- _MATERIAL FOR THIS TASK_:
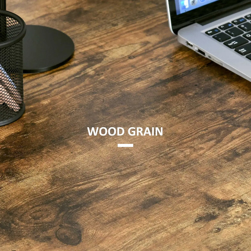 This HOMCOM industrial-style computer desk is a great piece for the home. The metal frame forms a tough core structure, making it steady enough to work in all day long. The work desk features a large table top to freely work from, with two shelves below offering easy storage for books, folders, documents etc. The shelves are made from particle board, covered in a beautiful wood-effect, working with the black frame colour for a striking look. Finished with six feet to protect floor.
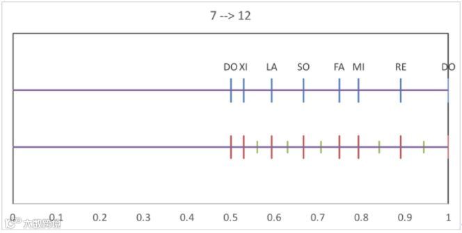 “七个音的位置画出来了,显然这些音之间的间隔是不均匀的,有的宽有的窄。”珍旭班长说:“看看这样的不均匀,大家有木有冲动,想在这些音中间插入新的音符呢?如果我们在比较宽的间隔中插入一个音,就会得到十二个音,它们的间距也会显得比较均匀了。这有点像是在钢琴的七个白键之间,插入五个黑键。”
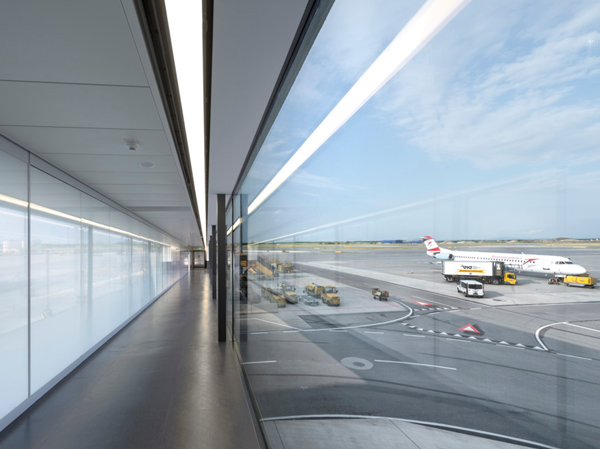 The terminal extension lets the airport react flexibly to changing traffic and to varying traffic peaks, and to handle significantly more passengers: “Check in 3” has doubled the previous terminal area. With a length of 270 m and a width of 55 m, the new 20 m high terminal building comprises a gross floor space of 76,000 square metres. The functions that are most important for departing and arriving passengers are housed on two levels: baggage reclaim and the arrivals hall are on Level 0, while the check-in area is on Level 1.
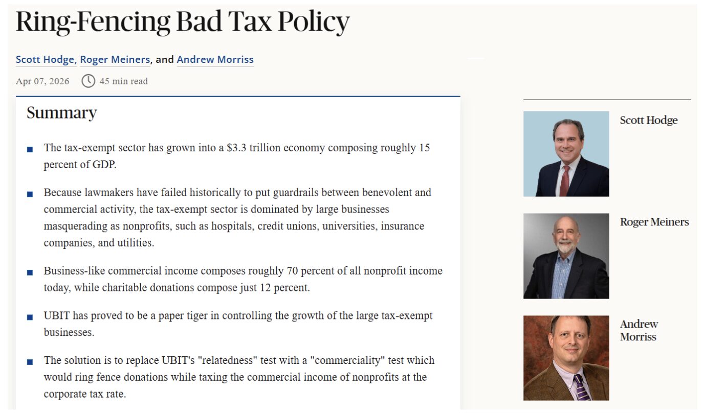 Unleash Prosperity is a non-profit, so this is an admission against our own interests, but non-profit tax status is one of the largest and most destructive distortions still in the federal tax code.
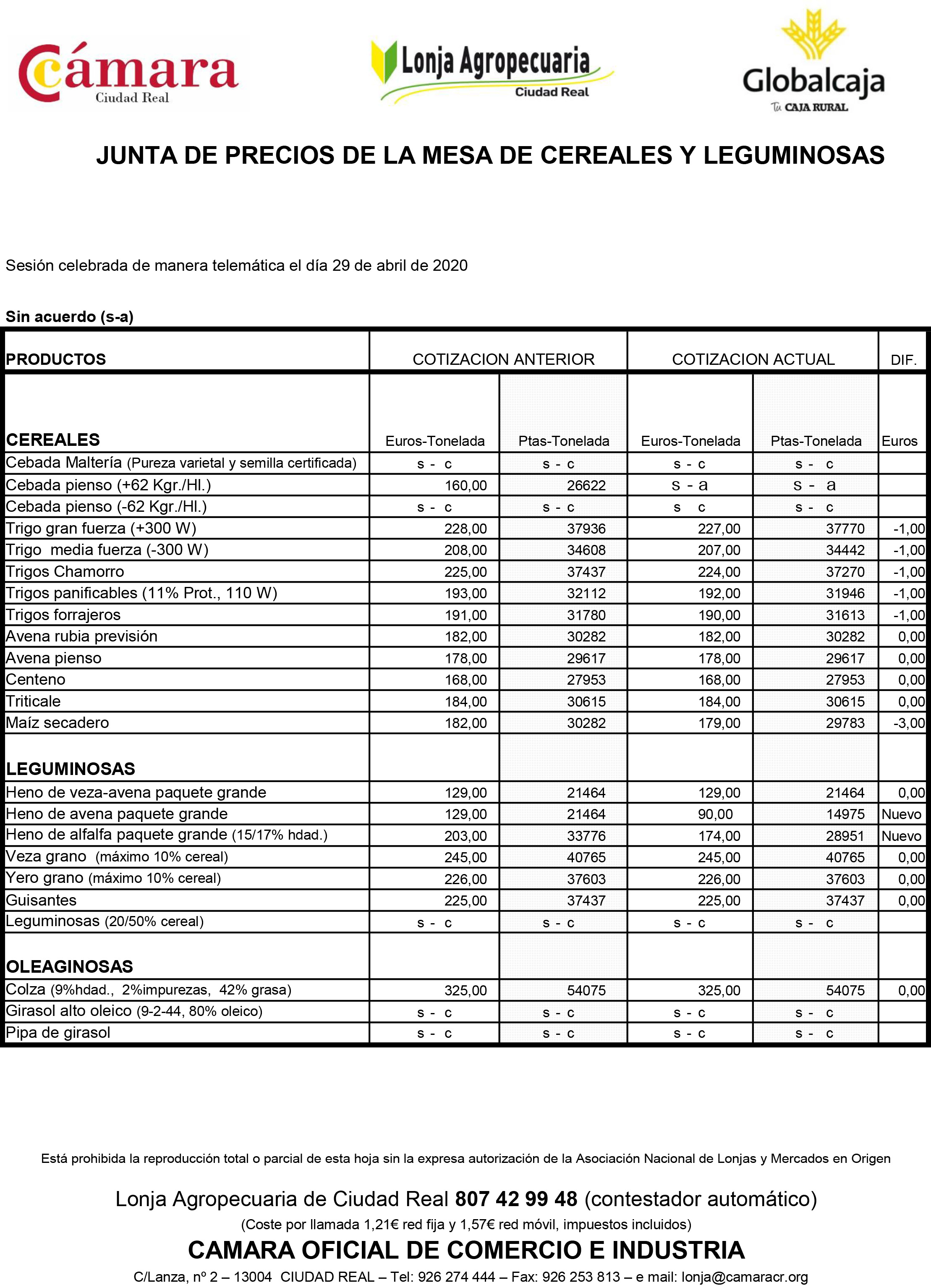 Lonja de Ciudad Real. Cereales. 29-abril-2020
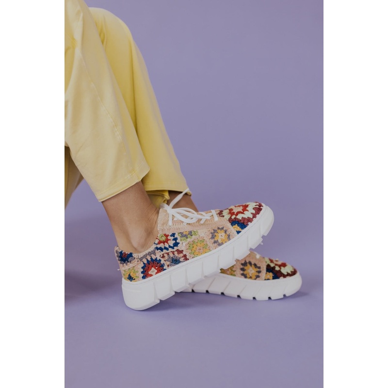 These sneakers are what every boho-loving gal dreams of! With their bohemian-inspired and unique look, these effortlessly cool sneakers feature a lace-up style, low-top silhouette, hand-crocheted woven details, and chunky lug sole. Perfect for wearing seas
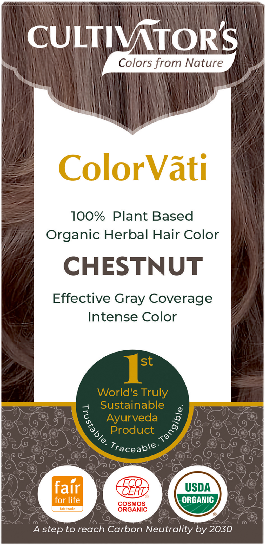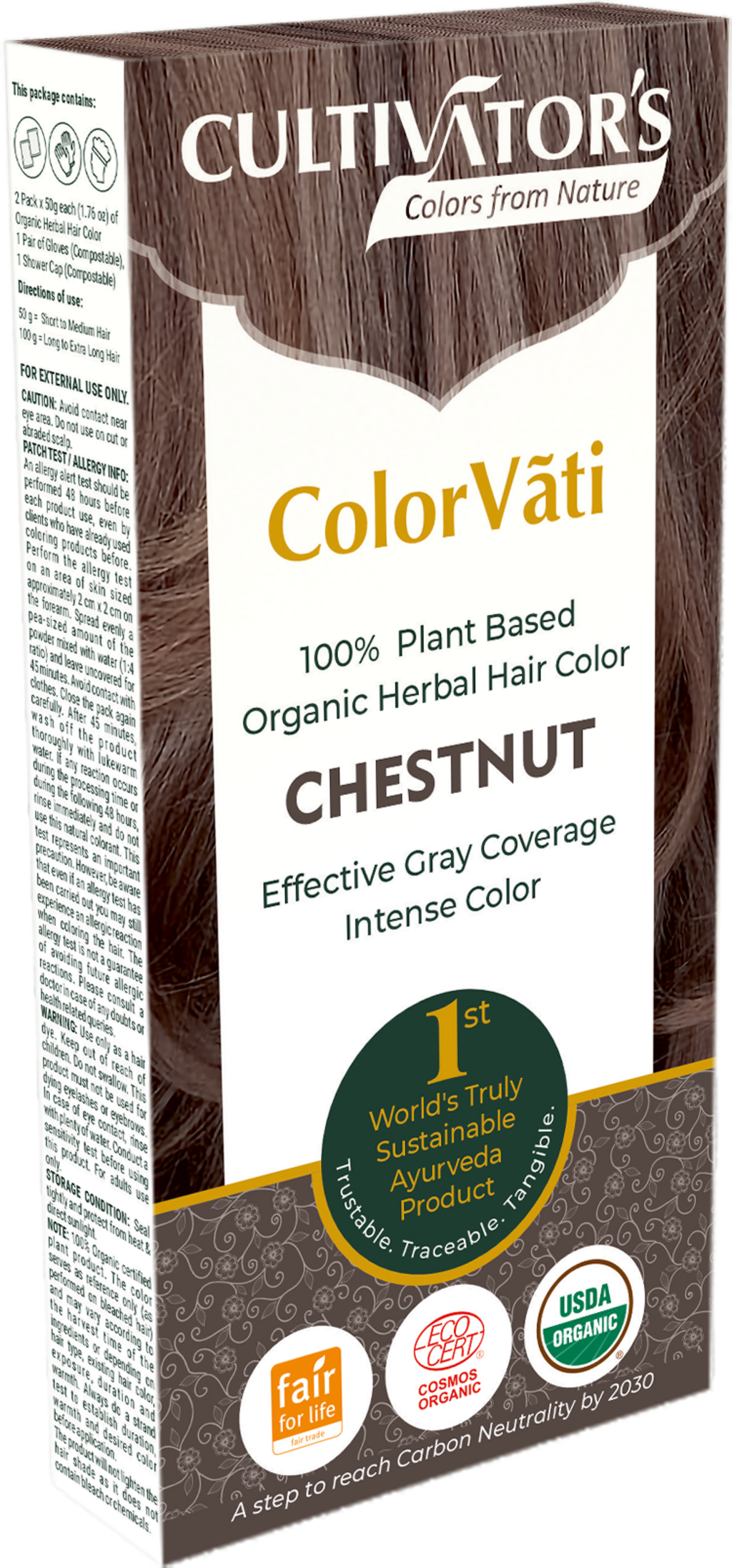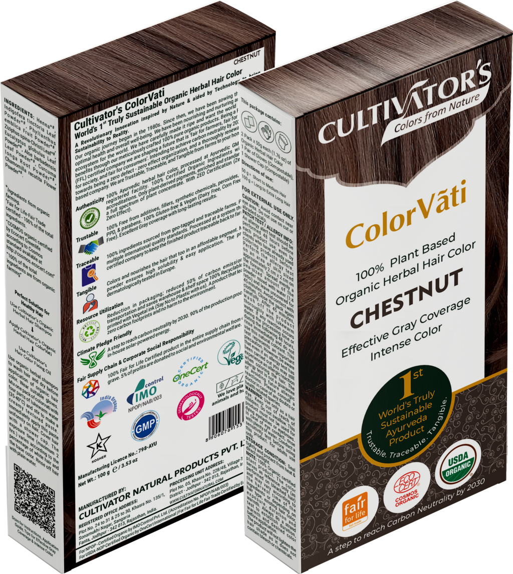 Fargen Chestnut består av utvalgte ayurvediske plantepulver som til sammen gir naturlig pene, kastanjebrune nyanser. Samtidig etterlater de håret velpleid, friskt og fyldig.

- _PROBLEM_: Skip the pictures. Restate exactly the lines from the start of the entries through the line containing "Lonja de Ciudad", both ends included.

- _EXERCISE RESPONSE_:
 This HOMCOM industrial-style computer desk is a great piece for the home. The metal frame forms a tough core structure, making it steady enough to work in all day long. The work desk features a large table top to freely work from, with two shelves below offering easy storage for books, folders, documents etc. The shelves are made from particle board, covered in a beautiful wood-effect, working with the black frame colour for a striking look. Finished with six feet to protect floor.
 “七个音的位置画出来了,显然这些音之间的间隔是不均匀的,有的宽有的窄。”珍旭班长说:“看看这样的不均匀,大家有木有冲动,想在这些音中间插入新的音符呢?如果我们在比较宽的间隔中插入一个音,就会得到十二个音,它们的间距也会显得比较均匀了。这有点像是在钢琴的七个白键之间,插入五个黑键。”
 The terminal extension lets the airport react flexibly to changing traffic and to varying traffic peaks, and to handle significantly more passengers: “Check in 3” has doubled the previous terminal area. With a length of 270 m and a width of 55 m, the new 20 m high terminal building comprises a gross floor space of 76,000 square metres. The functions that are most important for departing and arriving passengers are housed on two levels: baggage reclaim and the arrivals hall are on Level 0, while the check-in area is on Level 1.
 Unleash Prosperity is a non-profit, so this is an admission against our own interests, but non-profit tax status is one of the largest and most destructive distortions still in the federal tax code.
 Lonja de Ciudad Real. Cereales. 29-abril-2020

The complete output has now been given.